-- Data follows --

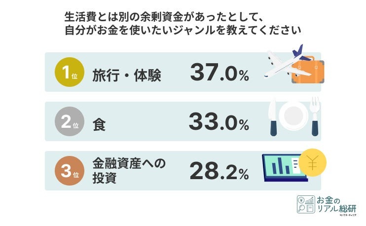 生活費以外に「自分がお金を使いたいジャンル」について尋ねたところ、男性は「金融資産への投資」が34.4%でトップとなり、ついで「旅行・体験」が33.2%となり、投資意識が高い結果に。
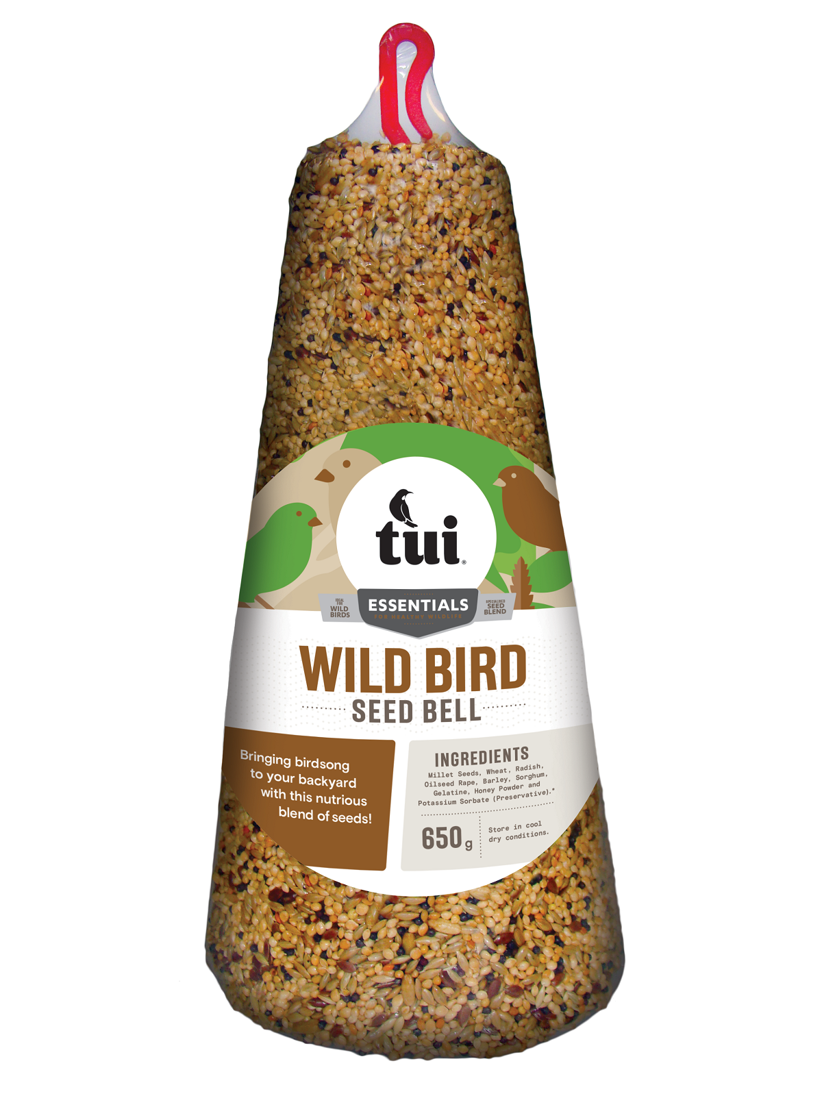 Tui's Wild Bird Seed Bell will give birds days of entertainment and nutrition as they use their natural pecking instincts to pull apart the bell. The bell is a mixture of Wild Bird Seed Mix plus gelatine and honey powder to form a bell that birds love to peck at and eat.
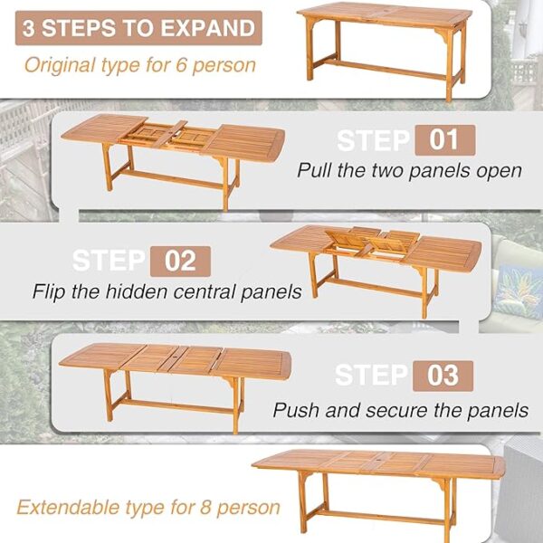 • Distinctively Expandable Design:This wooden dining table offers a unique extendable feature, allowing you to adjust its length from 63″ to 78.7″ and up to 94.5″ according to your specific requirements. The expanded size provides an ultra-spacious dining area, comfortably accommodating 6 – 8 people for dinners or parties.

-- Data concluded --

**Exercise brief**
Pictures stay out. Write out everything else in the material exactly.

**Answer to the problem**
 生活費以外に「自分がお金を使いたいジャンル」について尋ねたところ、男性は「金融資産への投資」が34.4%でトップとなり、ついで「旅行・体験」が33.2%となり、投資意識が高い結果に。
 Tui's Wild Bird Seed Bell will give birds days of entertainment and nutrition as they use their natural pecking instincts to pull apart the bell. The bell is a mixture of Wild Bird Seed Mix plus gelatine and honey powder to form a bell that birds love to peck at and eat.
 • Distinctively Expandable Design:This wooden dining table offers a unique extendable feature, allowing you to adjust its length from 63″ to 78.7″ and up to 94.5″ according to your specific requirements. The expanded size provides an ultra-spacious dining area, comfortably accommodating 6 – 8 people for dinners or parties.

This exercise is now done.